Why fermented foods are so good for your gut, and 5 ways to eat more of them
Fermented foods, defined by scientists in 2021 as products of desired microbial growth, may lower inflammation and improve blood sugar control. According to gastroenterologist Chris Damman, consuming one to three daily servings of varied fermented foods can increase gut microbiome diversity and enhance the bioavailability of essential nutrients.
What are fermented foods and how do they work?
A 2021 panel of scientists defined fermented foods as those made through “desired microbial growth and enzymatic conversions of food components.” This controlled process separates these foods from spoiled items that are altered by microbes unintentionally.
Common examples include cultured dairy, fermented beans, vegetables, wine, cider, and beer. Yogurt is produced by adding Lactobacillus bulgaricus and Streptococcus thermophilus to heated milk. These microbes convert lactose into lactic acid, creating a tart flavor and thick texture.
Studies indicate these bacteria can survive digestion to reach the small and large intestines. Once there, they inhibit intestinal pathogens and secrete beneficial compounds that influence the gut microbiome.

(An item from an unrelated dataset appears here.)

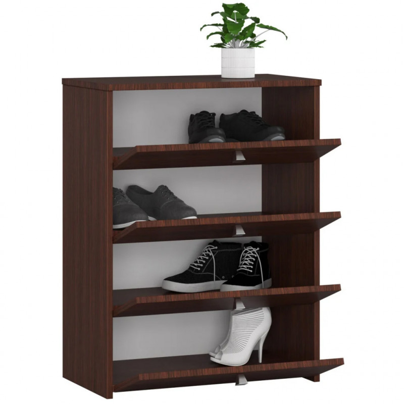 Scurta descriere Pantofar practic de 60 cm, ideal pentru organizarea eficienta a incaltamintei in hol. Cele 4 usi rabatabile ascund rafturi incapatoare, oferind spatiu pentru pana la 12 perechi de incaltaminte. Realizat din pal laminat de 16 mm, rezistent la uzura, cu margini protejate prin cant ABS. Nuanta maro inchis adauga un aspect elegant si usor de integrat in decoruri clasice sau moderne.

Why is eating fermented foods beneficial for health?
Fermented foods often contain probiotics, which are friendly microorganisms that provide health benefits. These microbes synthesize short-chain fatty acids and produce essential nutrients, including vitamins B and K.

According to the research, these foods increase the bioavailability of zinc, iron, and other minerals. This process also makes certain foods easier for the body to digest.
Increased diversity in the gut microbiome is linked to a lower risk of chronic diseases. Scientists have found that this diversity may help control blood sugar and reduce inflammation.
Do all fermented foods contain live probiotics?
Not all fermented foods contain live microorganisms. Chocolate and coffee undergo fermentation, but the microbes are destroyed during the roasting and heating processes.
Chris Damman, a microbiome and nutrition expert at the University of Washington Medical Center, states that these foods still offer benefits. Fermentation transforms polyphenols into compounds that are more bioactive and bioavailable.
Damman explains that the body struggles to absorb polyphenols when ingested on their own. The fermentation process allows the body to absorb these micronutrients more efficiently.
How can you safely incorporate fermented foods into your diet?
Damman recommends eating one to two servings of fermented foods daily, though three or more servings may be even better. He suggests eating a variety of these foods to obtain different types of probiotics and polyphenols.
Certain fermented foods, such as kimchi, sauerkraut, and pickles, can be high in sodium. People with hypertension or those on low-sodium diets should exercise caution.
Immunocompromised individuals may need to consult a healthcare provider before consumption. Live microbes in some fermented foods could potentially cause infections in people with weakened immune systems.
Healthy adults can add kefir to cereal, use kimchi as a burger topping, or substitute potato chips with plain Greek yogurt and fruit. Dark chocolate and coffee also count toward daily fermented food intake.
What happens next for those increasing fermented food intake?
Individuals who adopt a varied diet of fermented foods may likely experience changes in their gut microbiome composition. This shift could lead to improved absorption of minerals like iron and zinc.
Consistent consumption of a variety of these foods may potentially lower the risk of developing chronic diseases over time. Those with specific health restrictions may find that substituting high-sodium options for dairy-based ferments helps maintain blood pressure goals.
Frequently Asked Questions
What is the scientific definition of fermented foods?
According to a 2021 panel of scientists, they are foods made through desired microbial growth and enzymatic conversions of food components.
Do coffee and chocolate provide live probiotics?
No. While they are fermented, the microbes are killed off during the roasting and heating processes.
Who should be cautious when eating fermented foods?
People with hypertension or those on low-sodium diets should be cautious of high-sodium options like sauerkraut and kimchi. Immunocompromised individuals should consult a doctor due to the risk of infection from live microbes.
Which fermented food would you be most likely to add to your daily routine?